SUPPLIED INFORMATION
§ §
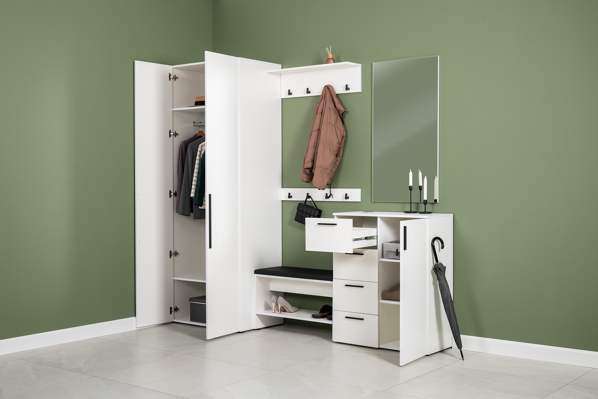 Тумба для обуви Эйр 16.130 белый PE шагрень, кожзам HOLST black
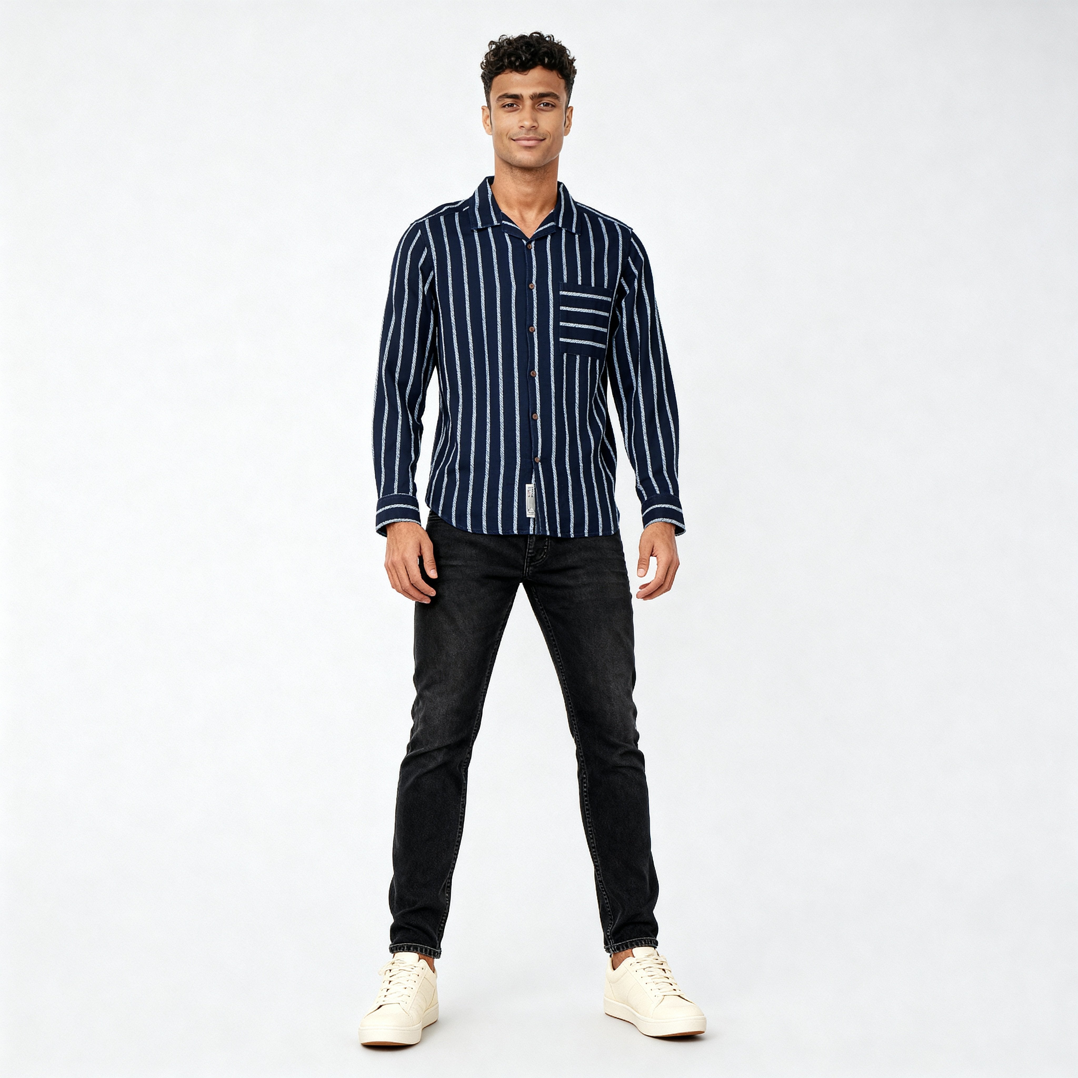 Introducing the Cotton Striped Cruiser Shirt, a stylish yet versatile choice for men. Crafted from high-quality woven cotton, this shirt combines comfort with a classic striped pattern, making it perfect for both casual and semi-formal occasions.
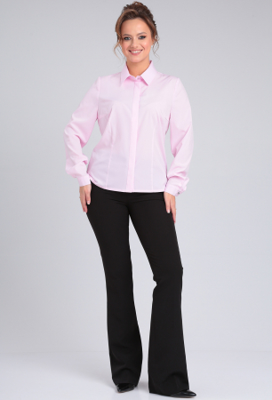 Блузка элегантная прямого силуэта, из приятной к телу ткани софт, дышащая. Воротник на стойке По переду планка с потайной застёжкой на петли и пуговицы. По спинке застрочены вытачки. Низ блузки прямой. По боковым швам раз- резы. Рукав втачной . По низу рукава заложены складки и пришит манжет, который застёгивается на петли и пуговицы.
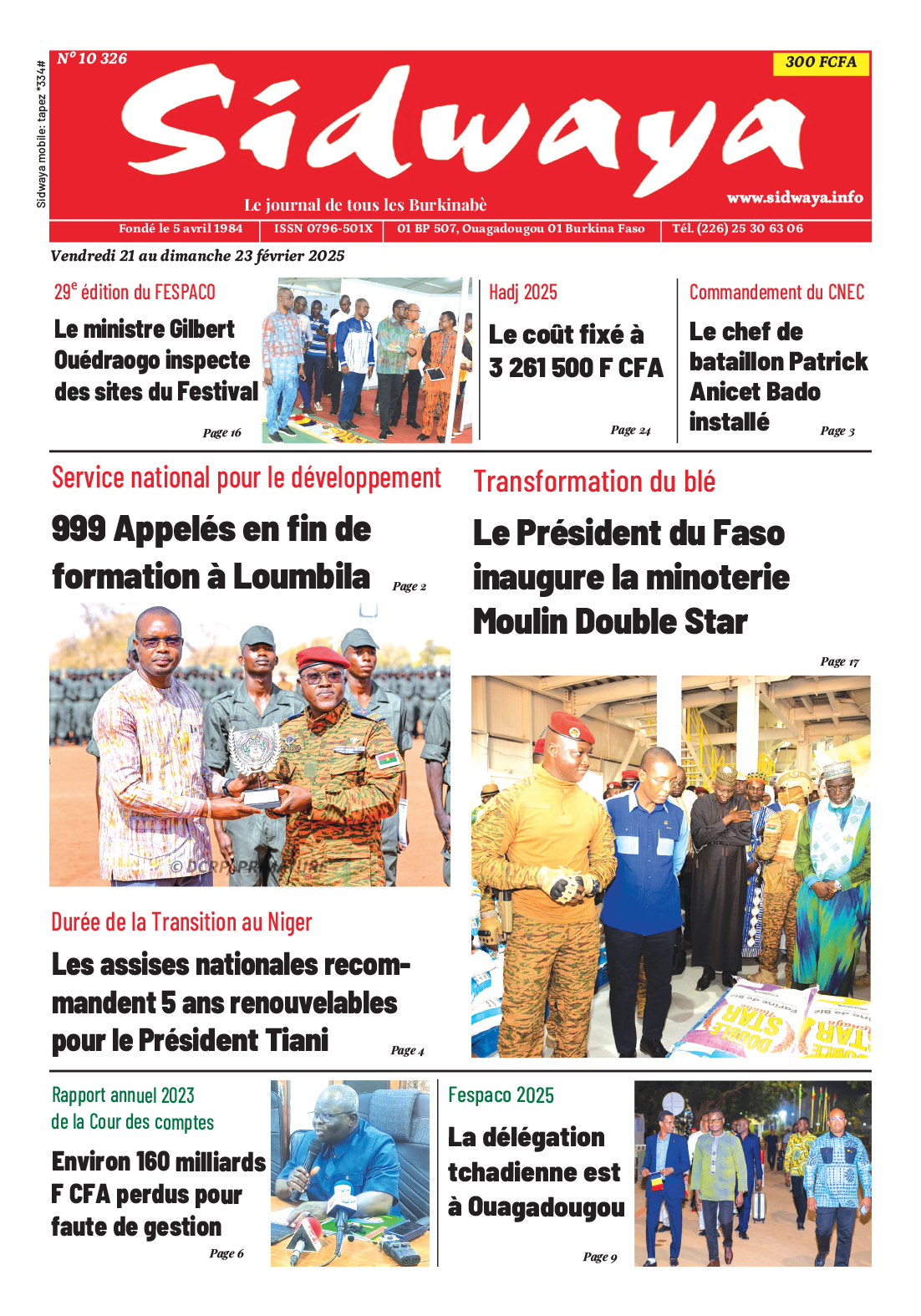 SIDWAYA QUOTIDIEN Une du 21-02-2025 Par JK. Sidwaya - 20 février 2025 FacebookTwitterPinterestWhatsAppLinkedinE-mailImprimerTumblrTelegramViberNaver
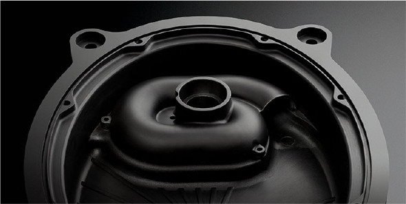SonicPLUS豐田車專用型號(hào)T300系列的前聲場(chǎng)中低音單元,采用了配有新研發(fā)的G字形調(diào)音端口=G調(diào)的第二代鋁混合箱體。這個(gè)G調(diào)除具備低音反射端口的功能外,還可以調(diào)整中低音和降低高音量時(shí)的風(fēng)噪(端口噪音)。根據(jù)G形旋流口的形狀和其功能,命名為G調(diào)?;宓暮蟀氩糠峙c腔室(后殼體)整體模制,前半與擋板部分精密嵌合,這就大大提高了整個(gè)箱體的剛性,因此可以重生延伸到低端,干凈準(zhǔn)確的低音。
§ §
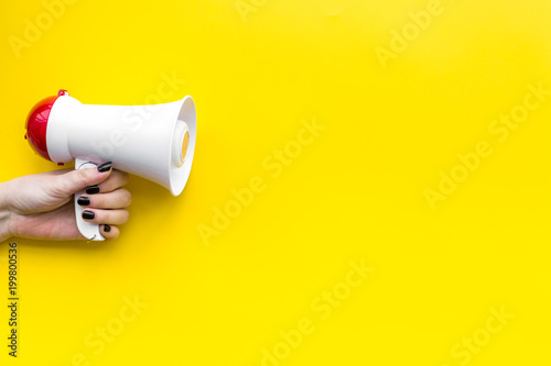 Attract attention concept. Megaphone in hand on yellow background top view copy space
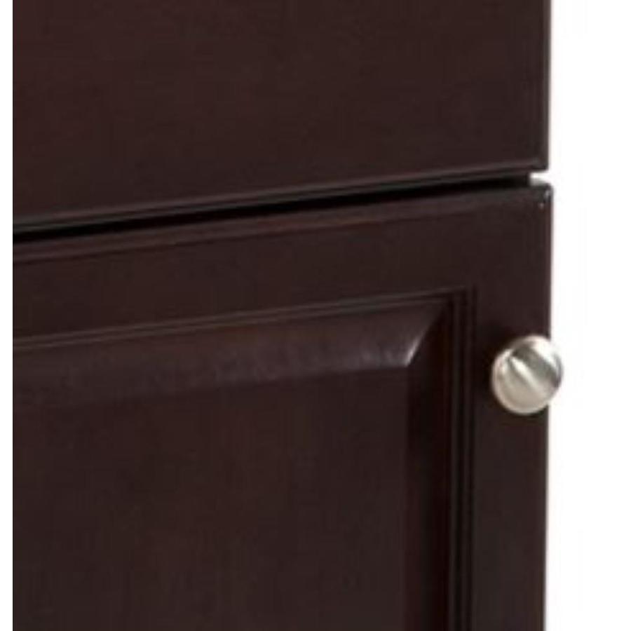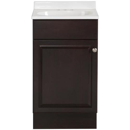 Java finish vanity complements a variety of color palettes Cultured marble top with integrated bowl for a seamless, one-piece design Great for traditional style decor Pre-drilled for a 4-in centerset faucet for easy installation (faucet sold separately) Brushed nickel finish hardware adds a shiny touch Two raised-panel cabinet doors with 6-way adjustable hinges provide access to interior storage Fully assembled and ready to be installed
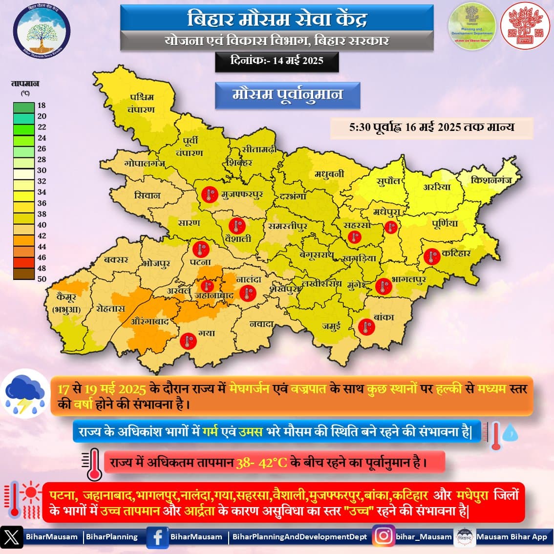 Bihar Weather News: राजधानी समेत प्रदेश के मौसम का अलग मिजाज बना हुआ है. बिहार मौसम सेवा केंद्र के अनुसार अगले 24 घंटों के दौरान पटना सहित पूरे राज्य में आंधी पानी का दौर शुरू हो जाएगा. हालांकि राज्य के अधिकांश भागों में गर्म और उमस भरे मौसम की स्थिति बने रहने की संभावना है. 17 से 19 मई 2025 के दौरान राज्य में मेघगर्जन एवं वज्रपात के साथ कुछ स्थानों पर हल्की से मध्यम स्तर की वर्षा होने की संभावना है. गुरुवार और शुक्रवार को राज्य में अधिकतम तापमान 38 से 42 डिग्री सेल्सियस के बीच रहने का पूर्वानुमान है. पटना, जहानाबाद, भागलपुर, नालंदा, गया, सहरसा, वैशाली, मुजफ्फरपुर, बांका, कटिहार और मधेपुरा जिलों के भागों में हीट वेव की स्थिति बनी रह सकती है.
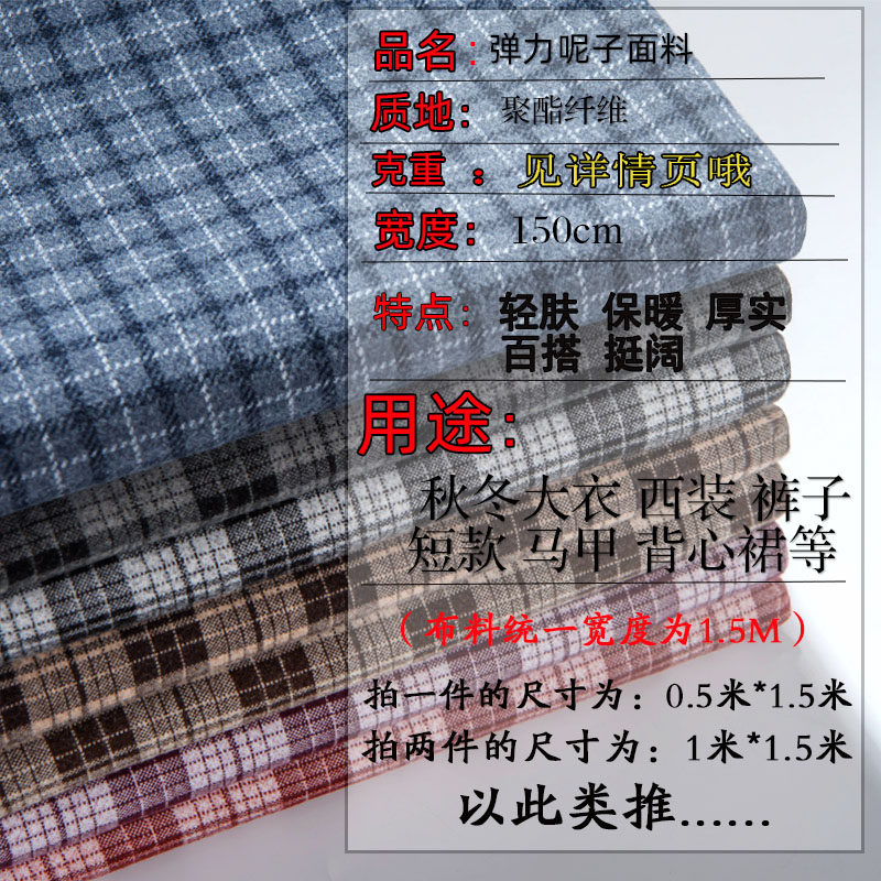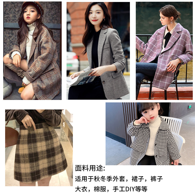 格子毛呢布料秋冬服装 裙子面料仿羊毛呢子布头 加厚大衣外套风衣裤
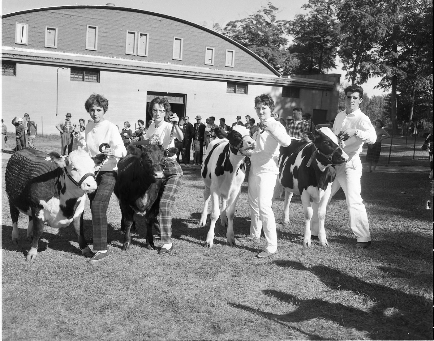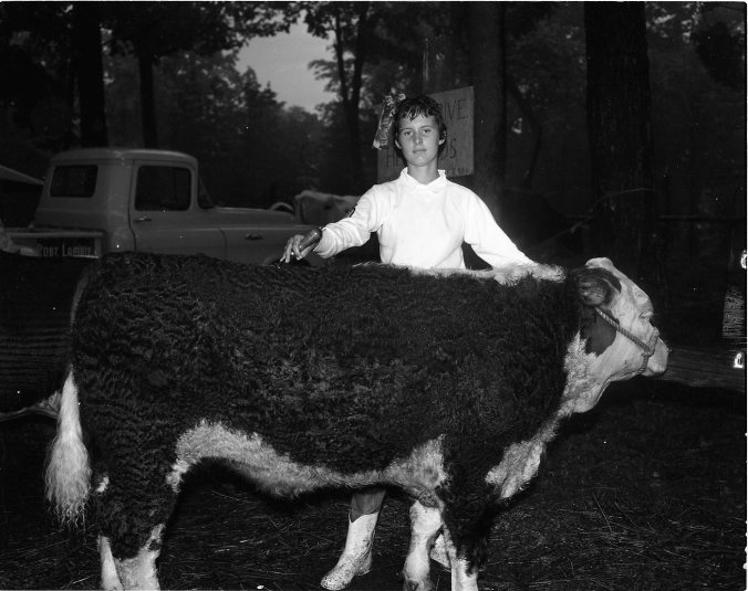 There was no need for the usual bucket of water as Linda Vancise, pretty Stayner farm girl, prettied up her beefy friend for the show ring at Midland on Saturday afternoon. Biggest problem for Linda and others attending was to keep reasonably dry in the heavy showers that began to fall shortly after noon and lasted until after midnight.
§ §
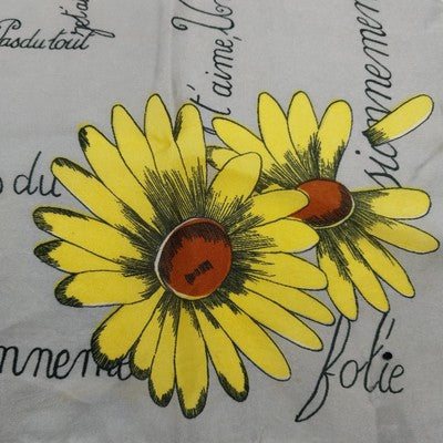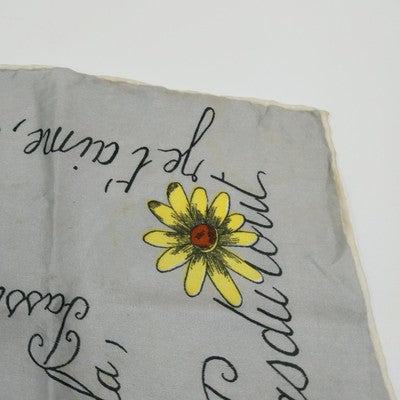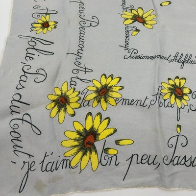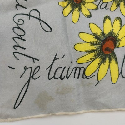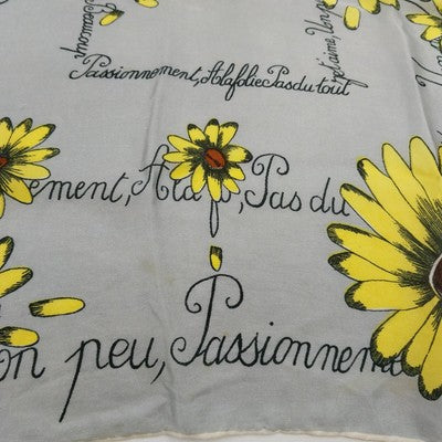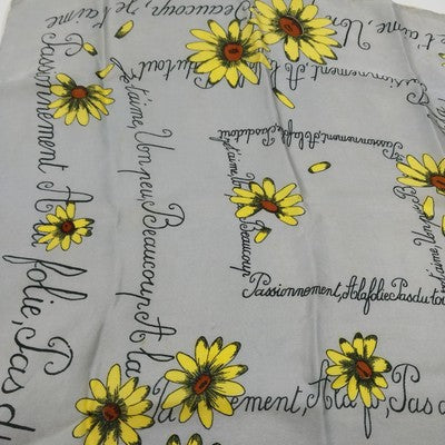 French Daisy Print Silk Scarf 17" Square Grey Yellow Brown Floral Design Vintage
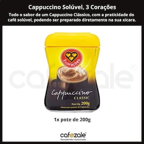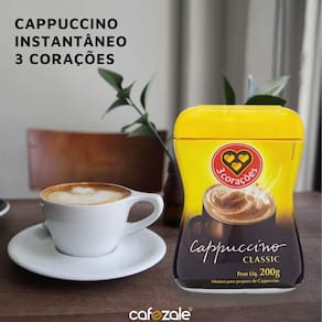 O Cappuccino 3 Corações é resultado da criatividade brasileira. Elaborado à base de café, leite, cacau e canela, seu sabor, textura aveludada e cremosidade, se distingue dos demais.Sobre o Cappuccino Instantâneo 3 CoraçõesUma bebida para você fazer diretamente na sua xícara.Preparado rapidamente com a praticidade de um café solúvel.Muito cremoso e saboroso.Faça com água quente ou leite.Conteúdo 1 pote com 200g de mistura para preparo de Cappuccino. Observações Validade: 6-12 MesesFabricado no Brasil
§ §
PROBLEM DESCRIPTION
Print from the line containing "Тумба для обуви" through the line containing "Блузка элегантная прямого" in the data above, exactly as the lines stand, and omit every picture.

TASK OUTPUT
 Тумба для обуви Эйр 16.130 белый PE шагрень, кожзам HOLST black
 Introducing the Cotton Striped Cruiser Shirt, a stylish yet versatile choice for men. Crafted from high-quality woven cotton, this shirt combines comfort with a classic striped pattern, making it perfect for both casual and semi-formal occasions.
 Блузка элегантная прямого силуэта, из приятной к телу ткани софт, дышащая. Воротник на стойке По переду планка с потайной застёжкой на петли и пуговицы. По спинке застрочены вытачки. Низ блузки прямой. По боковым швам раз- резы. Рукав втачной . По низу рукава заложены складки и пришит манжет, который застёгивается на петли и пуговицы.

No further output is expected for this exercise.